A combination of archaeology and contemporary art to reinforce the perception of the site’s cultural heritage
Digital fellowships assigned to internationally-renowned artists, designers and researchers to reinforce the perception of Pompei’s archaeological heritage and make it accessible to be enjoyed in different modalities, languages and points of view. In an era of digital transition, the goal is to enhance the potential for transforming material and documentary resources, generating a multiform dialogue between archaeology and contemporary art that can foster plurality of interpretation and accessibility to the archaeological heritage, and the many stories connected to it: from the study of design to the revelation of painting, from the web culture to digital performance and identity, from the relation between image, architecture and sound to sensory olfactory communication.
These are the distinctive characteristics of the project installed at the Pompei Archaeological Park for the fall season, as part of “Pompei commitment. Archaeological Matters”, which inaugurates a new phase in the annual Digital Fellowship programme – under the guidance of Stella Bottai and in collaboration with Cura magazine, – fellowships for creative experimentation, studio art-work and on-site and remote experimentation, awarded to the first seven participants. The initiative begins with Anri Sala, an artist of Albanian origin specialised in the visual arts, who just posted the first part of his work (the second part will be completed in October); it will be followed, chronologically, between November 2022 and July 2023, by the work of Rose Salane (curator and conceptual artist from New York), Allison Katz (Canadian painter), Miao Ying (contemporary artist and writer of Chinese origin), Formafantasma (a design studio based in Milan and Rotterdam) and Legacy Russell (American curator, writer and author) and Sissel Tolaas (Norwegian artist and researcher).
The programme, explain the organizers, «promotes artistic and curatorial research within the unique, trans-temporal, multi-species and stratified context of Pompei», encouraging «open experimental methodologies, led by innovative approaches».

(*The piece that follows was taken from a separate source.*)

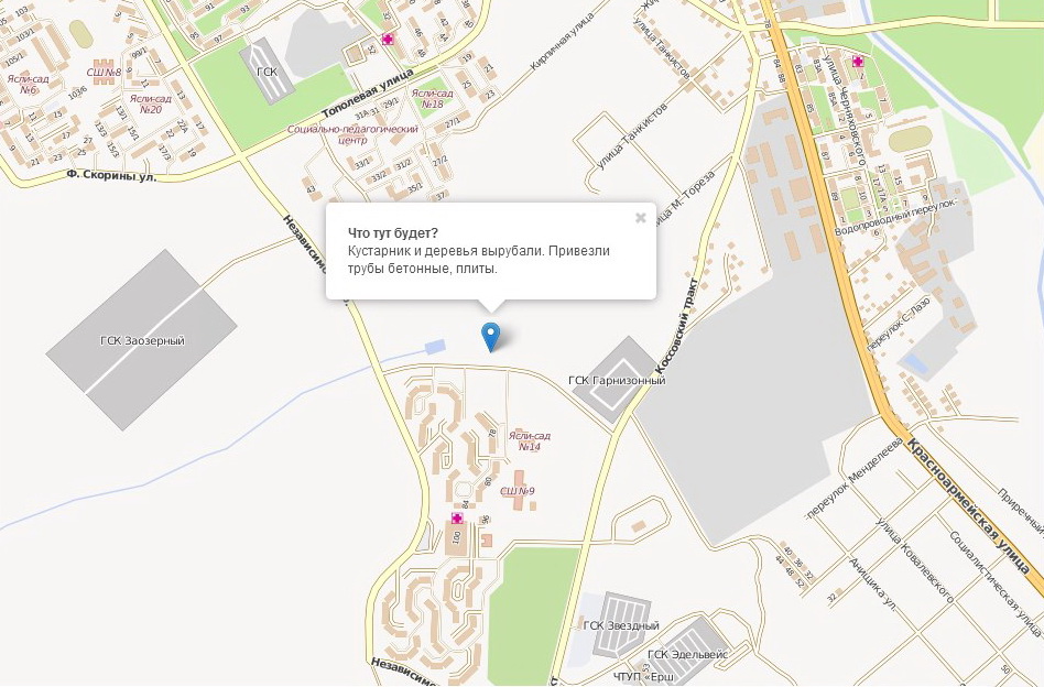 Зрители «Слоним ТВ» поинтересовались, что строится между гаражным кооперативом «Гарнизонный», универсамом «АЛМИ» и «Энкой», возле прудов-испарителей: там повырубали деревья, привезли плиты и трубы?

From a practical point of view, the beneficiaries of the Digital fellowships have been invited to develop “expanded” research, both remotely and on site, concentrated on Pompei and on the aspects tied to its symbology and its meaning, with access to the archaeological resources, documentation in the archives or newly produced, scientific literature and other research material; and with the possibility of collaborating with the professionals and researchers in Pompei, archaeologists, anthropologists, archaeo-zoologists, archaeo-botanists, geologists, chemists, architects, conservators. At the end of the research period, each participant will share the results of their work on the programme’s digital portal.
For an idea of the possible results – many in terms of the forms, languages and tools that were used – and the new points of view on the heritage of Pompei that can emerge from the programme, let’s start with the work of Anri Sala, the first fellowship “recipient” to present his work, posted on September 1st on the Pompei Commitment portal. The research of the Albanian visual artist is concentrated on the remains of the two victims of the eruption of Mount Vesuvius, discovered in 2020 during the excavations at Civita Giuliana, which the author places parallel to a double flute (aulos in Ancient Greek, tibia in Latin), found during a previous excavation on the site. Sala works on «the relation between the two victims and the double musical instrument, imagining a composition the duration of which corresponds to the void left by the two bodies», with a final piece that represents a sort of elegy dedicated to the ancient inhabitants of Pompei. The work is divided into two parts: the first – “Side A” – just released, the second – “Side A too” –, will be online on October 6th; the work will end with the release of a limited-edition vinyl album.
The initiative centred on the Digital fellowships, as stated previously, is part of the greater project “Pompei commitment. Archaeological Matters”, a long-term contemporary art programme instituted by the Archaeological Park, conceived in 2020 by Massimo Osanna, the General Manager of the National Museums and Andrea Villani, director of Rome’s Museum of Civilisations, under the supervision in 2021 of Gabriel Zuchtriegel, General Manager of the Park. After the first two years of activity – «centred on the configuration of the archaeological site of Pompei as the foundation for alternative forms of knowledge» – the first printed publication about the programme will be released. The book «Pompei Commitment. Archaeological Matters: 2020-2022» gathers and enhances the contributions of the over sixty artists, curators, writers, activists and archaeologists who, invited to think «with and through Pompei», a potential site for research on contemporary themes, shared reflections, proposals and answers that encompass various media and formats, from poetry to interviews, from film to drawing, from photography to collage.